Auditing Firm Fined for Deficient Auditing of SPAC Target
An auditing firm, its CEO and senior auditor settled SEC charges for failing to address red flags in an audit of a music streaming company’s revenue claims related to a business combination with a SPAC.
In the Order, the SEC stated that in an audit report filed in connection with the initial business combination between the SPAC and the streaming company, the filing falsely stated that the streaming company earned over $120 million in revenue and had over four million paying subscribers. The SEC found that the streaming service had "only negligible amounts of revenue and subscribers."
According to the SEC, the streaming service "fabricated" companies known as "aggregators" to create the appearance of having revenue.

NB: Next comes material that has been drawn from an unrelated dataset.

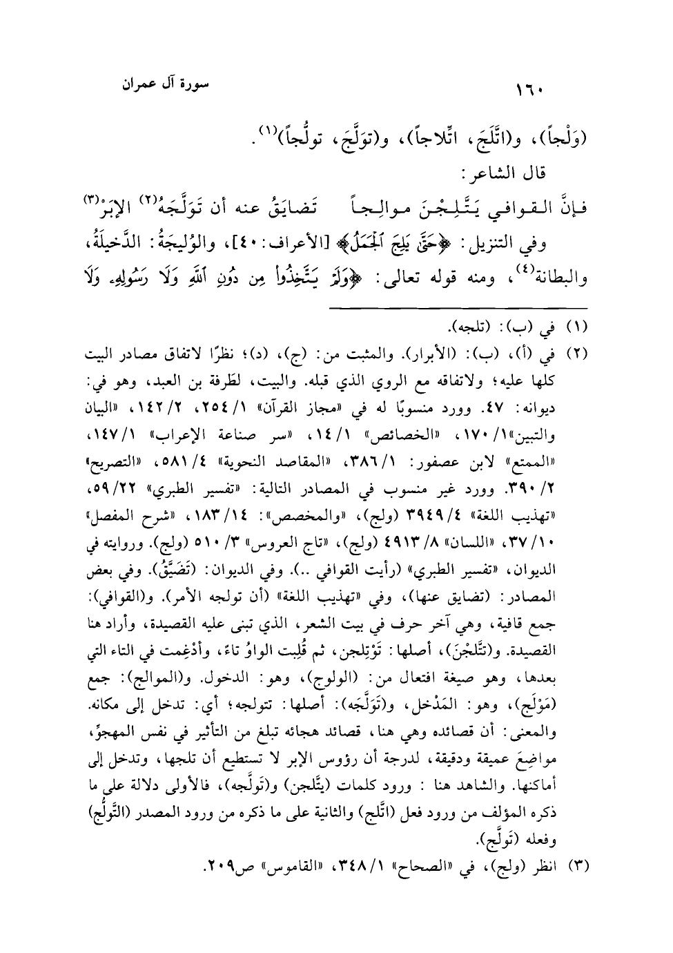 (¬3) في (أ)، (ب): (الأبرار). والمثبت من: (ج)، (د)؛ نظرًا لاتفاق مصادر البيت كلها عليه؛ ولاتفاقه مع الروي الذي قبله. والبيت، لطَرفة بن العبد، وهو في: ديوانه: 47. وورد منسوبًا له في "مجاز القرآن" 1/ 254، 2/ 142، "البيان والتبين" 1/ 170، "الخصائص" 1/ 14، "سر صناعة الإعراب" 1/ 147، "الممتع" لابن عصفور: 1/ 386، "المقاصد النحوية" 4/ 581، "التصريح" 2/ 390. وورد غير منسوب في المصادر التالية: "تفسير الطبري" 22/ 59، "تهذيب اللغة" 4/ 3949 (ولج)، "والمخصص":14/ 183، "شرح المفصل" 10/ 37، "اللسان" 8/ 4913 (ولج)، "تاج العروس" 3/ 510 (ولج). وروايته في الديوان، "تفسير الطبري" (رأيت القوافي ..). وفي الديوان: (تَضَيَّقُ). وفي بعض المصادر: (تضايق عنها)، وفي "تهذيب اللغة" (أن تولجه الأمر). و (القوافي): جمع قافية، وهي آخر حرف في بيت الشعر، الذي تبنى عليه القصيدة، وأراد هنا القصيدة. و (تتَّلجْنَ)، أصلها: تَوْتِلجن، ثم قُلِبت الواوُ تاءً، وأدْغِمت في التاء التي بعدها، وهو صيغة افتعال من: (الولوج)، وهو: الدخول. و (الموالج): جمع (مَوْلَج)، وهو: المَدْخل، و (تَوَلَّجَه): أصلها: تتولجه؛ أي: تدخل إلى مكانه. والمعنى: أن قصائده وهي هنا، قصائد هجائه تبلغ من التأثير في نفس المهجوِّ، مواضِعَ عميقة ودقيقة، لدرجة أن رؤوس الإبر لا تستطيع أن تلجها، وتدخل إلى أماكنها. والشاهد هنا: ورود كلمات (يتلجن) و (تَولَّجه)، فالأولى دلالة على ما ذكره المؤلف من ورود فعل (اتَّلج) والثانية على ما ذكره من ورود المصدر (التَّولُّج) وفعله (تَولَّج).

The SEC stated that the auditing company lacked sufficient auditing procedures, and "did not exercise an appropriate level of due professional care or professional skepticism." The SEC found that the auditing company never attempted to contact the purported aggregators. The SEC stated that the auditing firm also failed to address red flags caused by the "facially problematic agreements" and "dubious confirmation letters" that the streaming service provided the auditing firm to support its claims.
As a result, the SEC stated that the firm violated Exchange Act Section 13 ("Reports of Issuers of Securities Registered Pursuant to Section 12 Annual Reports"), Section 14(a) ("Solicitation of Proxies"), Rule 13(a)-19 ("Reports by shell companies on Form 20-F"), Rule 14a-9 ("False or misleading statements") thereunder and Regulation S-X Rule 2-02(b)(1) ("Accountants' reports and attestation reports").
To settle the charges, the firm agreed to (i) cease and desist from further regulatory violations, (ii) a censure, (iii) various civil money penalties and (iv) disgorgement of $187,740 plus prejudgment interest of $28,104. The SEC stated that payment is deemed satisfied by the firm’s payment of $11,500,000 to the company’s defrauded investors based on settlements resulting from private litigation. The CEO and senior auditor were also banned from appearing or practicing as accountants before the SEC.